There are rare-earth elements in your computer, digital camera, television, smartphone, in the batteries of hybrid vehicles, in long-lasting lightbulbs and serving as critical magnets in guided missiles.
Yet the available supply of rare-earth elements has been cut in the past few years. Nearly all the world's processing facilities are located in China, which started reducing export quotas about two years ago, then restricted exports further following a dispute last year with Japan over an island. China is also closing some of its rare-earth processors, citing environmental concerns.

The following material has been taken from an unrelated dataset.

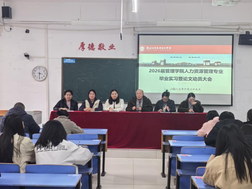 会议伊始教研室负责老师向学生说明本次会议的目的及相关议程。会上宣读了2026届人力资源管理专业毕业生论文工作方案,强调了今年毕业论文的新要求,重点解读了毕业论文撰写要求和重点注意事项。针对本科毕业生实习工作,向同学们公布了实习计划,并向大家强调了遴选实习单位的条件及学生实习期间安全等事宜。
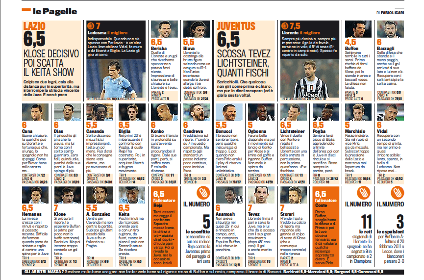 FANTACALCIO LAZIO JUVENTUS VOTI PAGELLE – La Juventus torna a Torino dalla trasferta dell’Olimpico con un punto in più in cassaforte anche se la Roma, oggi di scena a Verona, avrà l’occasione di portarsi a -6. Per come si era messa la gara, però, per la squadra di Antonio Conte si tratta di un punto importante guadagnato grazie al carattere di ferro di tutti. Per oltre un’ora, infatti, i bianconeri sono stati costretti a giocare in dieci a causa dell’espulsione di Gigi Buffon con relativo calcio di rigore assegnato alla Lazio e trasformato da Reja. La vecchia Signora strappa il pareggio grazie ad un bellissimo colpo di testa di Llorente, il migliore dei suoi. In assoluto il peggiore, invece, è stato Gigi Buffon. Trai biancocelesti, invece, la nota di merito va a Ledesma.

Together, the actions have increased the costs of rare-earth minerals, which have soared by 1,500 percent on average during the past year, alarming the U.S. government.
Some relief may be coming. Efforts to diversify the supply of rare-earth minerals should get a boost later this year when two mines, one in the U.S. and one in Australia, ramp up production. (Watch a video of the U.S. mine here: http://www.youtube.com/watch?v=R748lCp8Fic&feature=channel_video_title.) Supplies aren't expected to match demand for years, however, triggering a worldwide rush to locate and extract rare-earth elements. (The minerals are known as elements once they are mined.)

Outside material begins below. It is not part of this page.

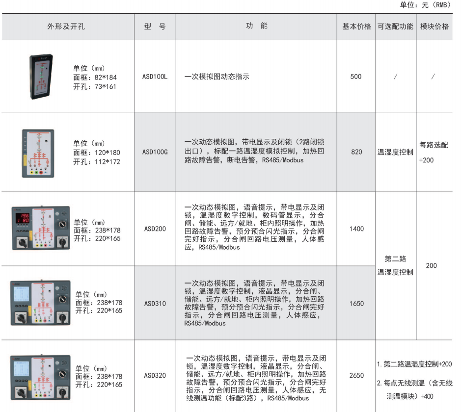 ASD系列开关柜综合测控装置具有一次回路模拟图及开关状态指示、高压带电显示、自动温湿度控制、人体感应自动照明、语音提示、电参数测量及RS485通讯接口等功能,集操作、显示于一体,直观地体现柜内元件的工作状态及工作环境。

"It's gotten the attention of Congress," said U.S. Geological Survey researcher Thomas Frost, noting that the USGS's 2011 budget includes a directive to research rare-earth minerals.
"We've realized we need to better understand what potential sources of rare earths there are in the U.S., and in the world, that are not controlled by China, and that hadn't been considered before," he said.
The U.S. mine, owned by Molycorp, has reopened after closing in 2002 following radioactive wastewater spills and price competition. The largest spills, from a pipeline to Nevada, occurred in the late 1990s, in protected lands in the Mojave Desert. The company has since changed its ownership structure.
"We want people who buy from us to know we do things the right way," said Mark Smith, Molycorp CEO, who says Molycorp has a new, environmentally friendly mission. "We care about the environment and we care about what we do, and we think that makes a difference with customers today," he said.
Molycorp's facility, in Mountain Pass, California, will expand production dramatically. It's being rebuilt to produce up to 40,000 metric tons of rare-earth elements by 2013, which would be a 700 percent increase from its production target for the end of this year.
Just off of its own exit on Interstate 15, about an hour's drive from Las Vegas, the Mountain Pass mining site is nestled in a small valley between two mountain ranges in the desert.
The carbonatite deposit, which contains a variety of ore types, was discovered by prospectors in 1949, according to a U.S. geologist. About 8 percent of the deposit contains rare-earth minerals, a good ratio in rare-earth mining.